Vacía Tu Clóset

Posted by on Ago 27, 2009 in Artículos por Louise, Libertad | 0 comments

closet_empty Finalmente, un día me decidí a hacer algo que postergaba por mucho tiempo. Cada vez que lo pensaba me daba grima. Sólo imagina un clóset lleno donde no hay espacio para nada más. Mi sexto sentido me decía que cuando abriera la puerta, me preparara para la avalancha y el entierro que haría historia. ¡¡Uy, qué espanto!! No obstante, tomé la decisión y esta vez no iba a retroceder.
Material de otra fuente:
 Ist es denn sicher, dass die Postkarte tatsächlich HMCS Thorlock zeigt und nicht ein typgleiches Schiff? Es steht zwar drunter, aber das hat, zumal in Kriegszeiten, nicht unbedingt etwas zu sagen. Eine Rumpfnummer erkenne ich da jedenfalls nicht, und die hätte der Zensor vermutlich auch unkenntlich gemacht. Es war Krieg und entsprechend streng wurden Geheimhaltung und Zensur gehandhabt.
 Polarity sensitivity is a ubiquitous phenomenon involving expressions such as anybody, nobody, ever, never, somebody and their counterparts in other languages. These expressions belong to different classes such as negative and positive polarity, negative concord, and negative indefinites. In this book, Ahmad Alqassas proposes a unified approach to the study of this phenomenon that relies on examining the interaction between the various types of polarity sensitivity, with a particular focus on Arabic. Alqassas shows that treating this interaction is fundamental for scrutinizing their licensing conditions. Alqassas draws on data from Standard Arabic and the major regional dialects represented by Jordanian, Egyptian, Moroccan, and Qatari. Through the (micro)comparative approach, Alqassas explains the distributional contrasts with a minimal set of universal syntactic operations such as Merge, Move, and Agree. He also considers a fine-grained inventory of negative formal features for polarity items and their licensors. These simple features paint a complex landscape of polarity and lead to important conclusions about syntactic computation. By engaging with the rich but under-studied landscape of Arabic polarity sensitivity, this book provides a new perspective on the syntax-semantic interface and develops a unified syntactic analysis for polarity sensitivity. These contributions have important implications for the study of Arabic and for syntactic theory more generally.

Al pararme frente a la puerta me preparé emocionalmente, cerré mis ojos y me dije: “Aquí voy”, y al abrirla (por supuesto por más cautela que tuviera) ¡Cataplum! Lo que sospechaba sucedió. Ni modo, vamos a botar, regalar y a guardar para hacer espacio. Mientras me daba a la tarea tediosa de decidirme qué se queda y qué se va, me enfrento a un problema serio, no quería botar o regalar… “Humm, vamos a ver”. Todo lo que había en el clóset para mí servía y estaba ligado a un recuerdo. ¡Wow! Veo ese traje lindo de 20 años atrás; recuerdos de cuando lucía el cuerpo de guitarra, “Yo sé que voy a rebajar y voy a lucir ese traje otra vez,” me decía. Oh sí, claro que sí, eso es fácil con la mente. La realidad es, cuánto había aumentado de peso, ¡Qué barbaridad!
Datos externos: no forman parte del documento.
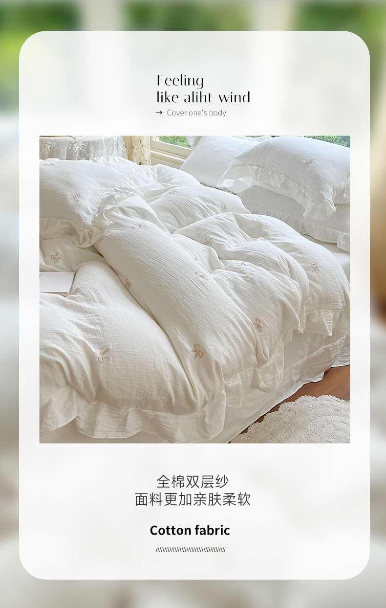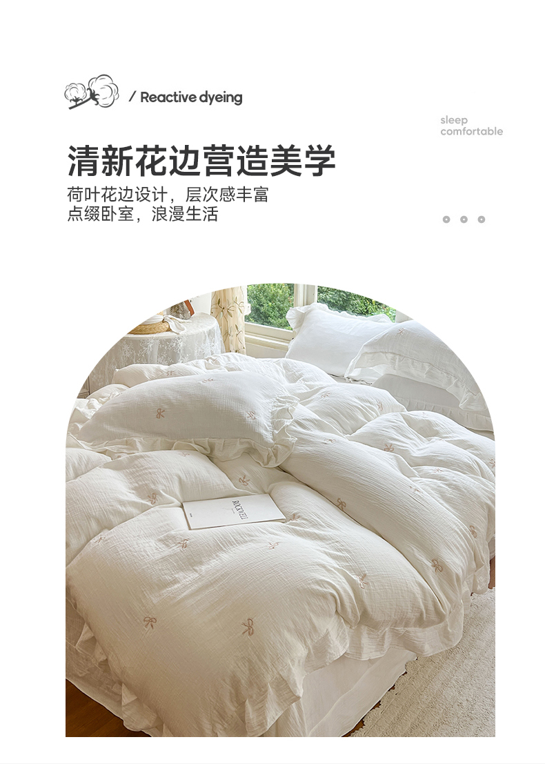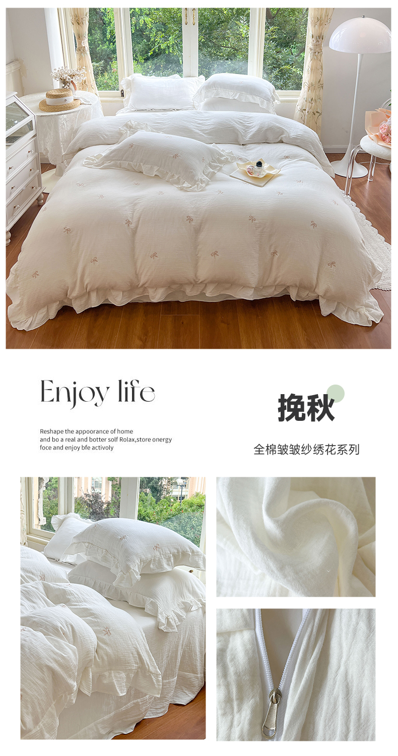 商品名称:木楌家居 2024秋冬全棉皱皱纱荷叶边刺绣工艺款四件套 挽秋

Pues bien, saqué del clóset todas las cosas para clasificarlas, pero el evento terminó en que estaban amontonadas fuera del clóset y no me decidía qué cosas debían salir por la puerta de mi casa. Durante ese dilema, yo siento que el Señor habla a mi corazón y me dice, “Veo que tienes un dilema con vaciar tu clóset y de igual manera así hay muchos que tienen su corazón tan lleno como este clóset y lo que llevan por dentro los entristece, se lastiman y no me dan espacio para dispensarle algo nuevo y fresco en su vida”. De repente hubo un alto, me detuve a escuchar pues no quería perder nada de lo que Dios me comunicaba. Noté que Su voz era dulce y tierna, mezclada con algo de tristeza.
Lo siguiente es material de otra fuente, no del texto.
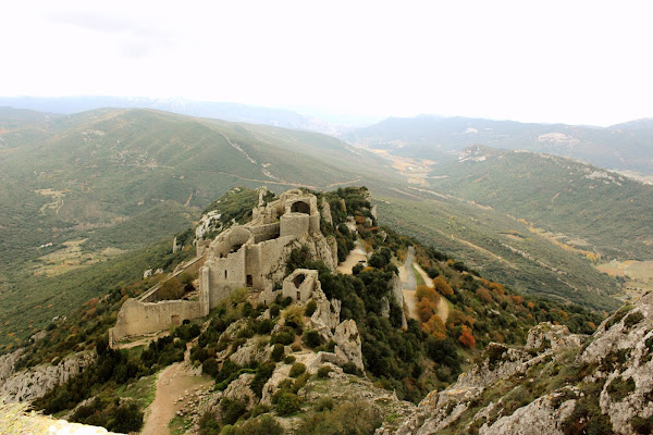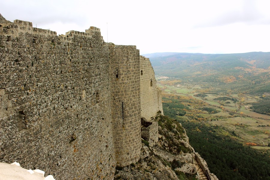 Nuestra siguiente parada fue el Castillo de Quéribus, que es un castillo situado sobre un espolón rocoso. Para visitar el castillo, tienes que pagar una entrada y de ahí, subir una cuesta pronunciada. El castillo esta bastante destruido, pero hay algunas estancias que están perfectamente conservadas. Eso si, desde allí se tienen unas vistas increíbles.

Reflexioné en cuanto a las cosas a que nos aferramos en esta vida, un pasado que dejó heridas profundas y nos amargaron sin medida, dolor, resentimiento. Sentimientos que nos traen un terrible peso y la vida se vuelve una espesa neblina donde no podemos ver el camino a la felicidad. Ah, y eso no es todo, para colmo no nos damos cuenta de que hablamos y reflejamos lo que sentimos y como resultado afectamos nuestro entorno. La Biblia dice en Lucas 6:45, “…porque de la abundancia del corazón habla la boca.” Si tenemos paz dentro, eso se refleja en lo que expresamos. Si hay amargura, resentimiento u odio, eso refleja un corazón cargado y deprimido. Dios nos dice en su Palabra que no tenemos ni la menor idea de lo que Él tiene reservado para nosotros. “sino como está escrito, cosa que ojo no vio ni oído oyó, ni han subido al corazón del hombre, son las que Dios ha preparado para los que le aman.” 1 Corintios 2:9 Sus planes son para bien y no para mal. Jeremías 29:11, “Porque yo sé los planes que tengo para vosotros” –declara el Señor– “planes de bienestar y no de calamidad, para daros un futuro y una esperanza.”

Dios quiere lo mejor para nosotros, pero tenemos que tomar una decisión de “Vaciar el Clóset” de nuestra vida para hacer espacio para lo nuevo. ¿Qué harás tú al respecto? Vale la pena, ¡¡Vaciar el Closet!!